Rethinking What Success Looks Like

For women who left the workforce, their ambitions didn’t disappear so much as found a new target.

Katie Martin / The Atlantic

This is the fourth story in a seven-part series looking at women’s ambitions in the years following college.

Ambition is easy to define—Merriam-Webster describes it as “an ardent desire for rank, fame, or power”—but hard to concretely identify. How ardent does that desire need to be? Does it look different in different people? Perhaps the most accurate thing to say about ambition is that you know it when you see it.

When we reflected back on our classmates in college, we remembered them as ambitious. In fact, we began this project with the basic assumption that all of our subjects, or nearly all of them, were ambitious. They’d gotten into a top university, which meant that at the very least they were people who had achieved a high degree of academic distinction in high school. One woman recounted a story about her first day at Northwestern’s undergraduate journalism program. “They asked everyone who had been editor-in-chief of their school newspaper to raise their hand,” she said. “And every single person in the room raised their hand, except me.” She’d been the most ambitious member of her high school’s graduating class in her small town in Georgia, but now she was in a class full of people at least as driven.

As with any group, we knew that there would be varying degrees of ambition.
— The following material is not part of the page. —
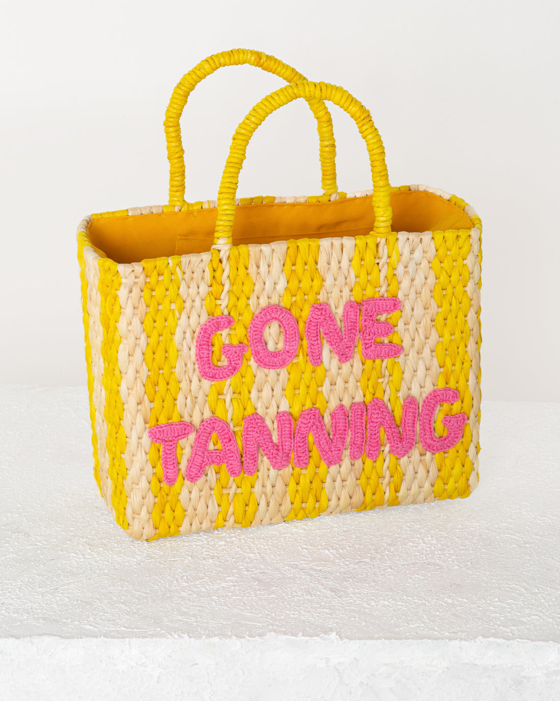 Feita à mão em palha natural com acabamento em crochê colorido, a Palha Gone Tanning...

This had been evident in college, with some women in our class running for executive board positions in the sorority, heading student organizations or routinely making Dean’s List and others just “doing college.” But for the most part we believed that this was a group that saw themselves eventually achieving success in the world. And as we began our interviews, we knew we were remembering correctly. Future plans formulated during college included: “I was going to be the best prosecuting attorney the world had ever seen,” “My name was going to be in lights. I was going to be singing at the Met,” and “I thought I was going to be the press secretary at the White House.”

Immediately after college, most of the women continued to exhibit outward signs of ambition. Nearly 80 percent of them earned advanced degrees. All eventually landed jobs with promise. But 23 years after graduation, only a little more than a quarter went on to become what we've called the High Achievers. These women are impressive; they include two high-ranking banking executives, two physicians who have achieved distinction in their fields, a marketing executive, a pharmaceutical executive, and a Hollywood screenwriter.
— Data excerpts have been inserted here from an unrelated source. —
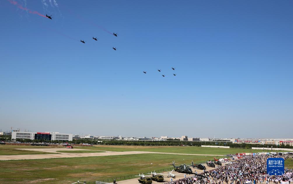 9月14日,在第六屆中國天津國際直升機博覽會(huì )開(kāi)幕式上,陸軍“風(fēng)雷”飛行表演隊進(jìn)行通場(chǎng)飛行表演。
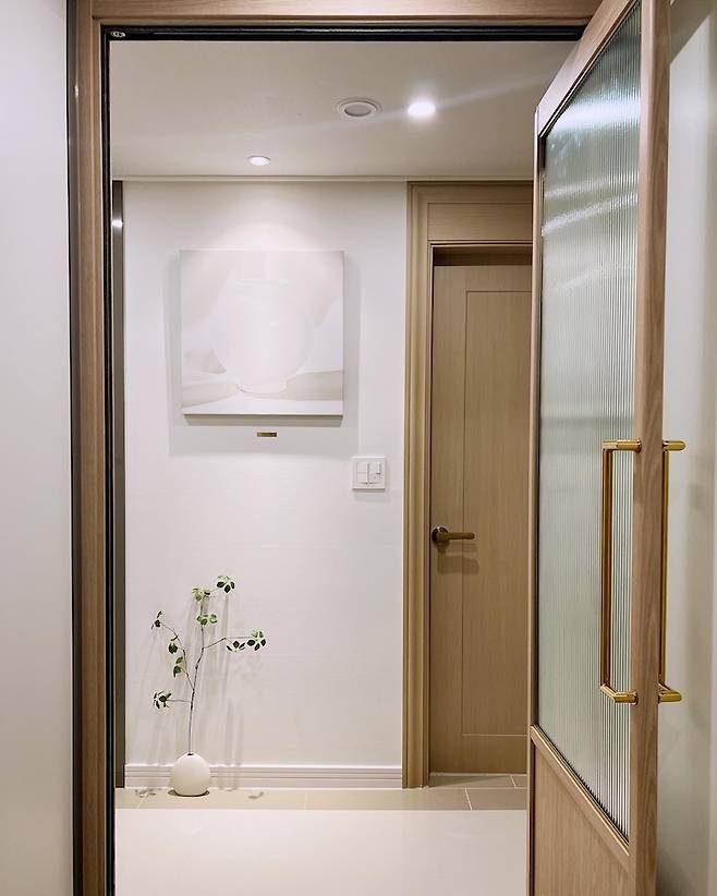 현관 입구에 해바라기 그림을 걸면 집에 돈이 많이 들어온다고 하죠 : ) 남편이 해바라기 그림을 밀었으나 오랜 설득끝에ㅎㅎㅎ 새하얀 달 항아리 그림에 핀 조명 하나를 탁! 쏘는 것으로 좋게좋게 협의를 봤습니다.ㅎㅎㅎ 현관에 초록이도 하나 배치해두고 싶어 하얀 도자기 화병에 간결한 조화 넝쿨 가지를 꽂아주었더니 분위기가 업 되면서 단정해 보여 마음에 드는 포인트 공간입니다 : )
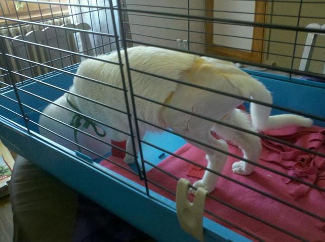 Nous la rentrons, la mettons dans la caisse de transport et appelons notre vétérinaire de notre arriver en urgence...

Some of these women achieved success in different ways than they’d envisioned in college—“No one dreams of growing up and going into insurance,” an insurance company executive told us with a laugh—but all 12 High Achievers had dreamed big and achieved some version of that dream. They never wavered from the belief that they were smart and talented, they all knew work would be a driving force in their lives, and they were rewarded with promotions, high salaries, and/or recognition in their fields.
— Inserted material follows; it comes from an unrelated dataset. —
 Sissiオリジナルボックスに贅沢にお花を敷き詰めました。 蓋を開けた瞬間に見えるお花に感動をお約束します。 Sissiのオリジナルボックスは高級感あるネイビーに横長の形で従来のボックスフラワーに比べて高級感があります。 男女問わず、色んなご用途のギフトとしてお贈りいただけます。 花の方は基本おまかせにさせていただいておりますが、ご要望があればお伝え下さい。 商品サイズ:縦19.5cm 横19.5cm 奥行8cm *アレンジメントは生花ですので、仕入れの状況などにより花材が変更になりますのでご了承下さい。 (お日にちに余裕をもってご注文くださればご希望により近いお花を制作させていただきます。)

But what about the rest? Why weren’t we looking at a group of 37 High Achievers, given that they’d nearly all began their careers with the desire to achieve? After we’d interviewed a cluster of stay-at-home mothers and women with jobs that were noticeably less starry than the careers they’d intended to pursue, we at first wondered if we’d misgauged their level of ambition. Maybe our High Achievers were simply the most ambitious of the group. Perhaps the equation “ambition=success” explains why some of the women rose higher.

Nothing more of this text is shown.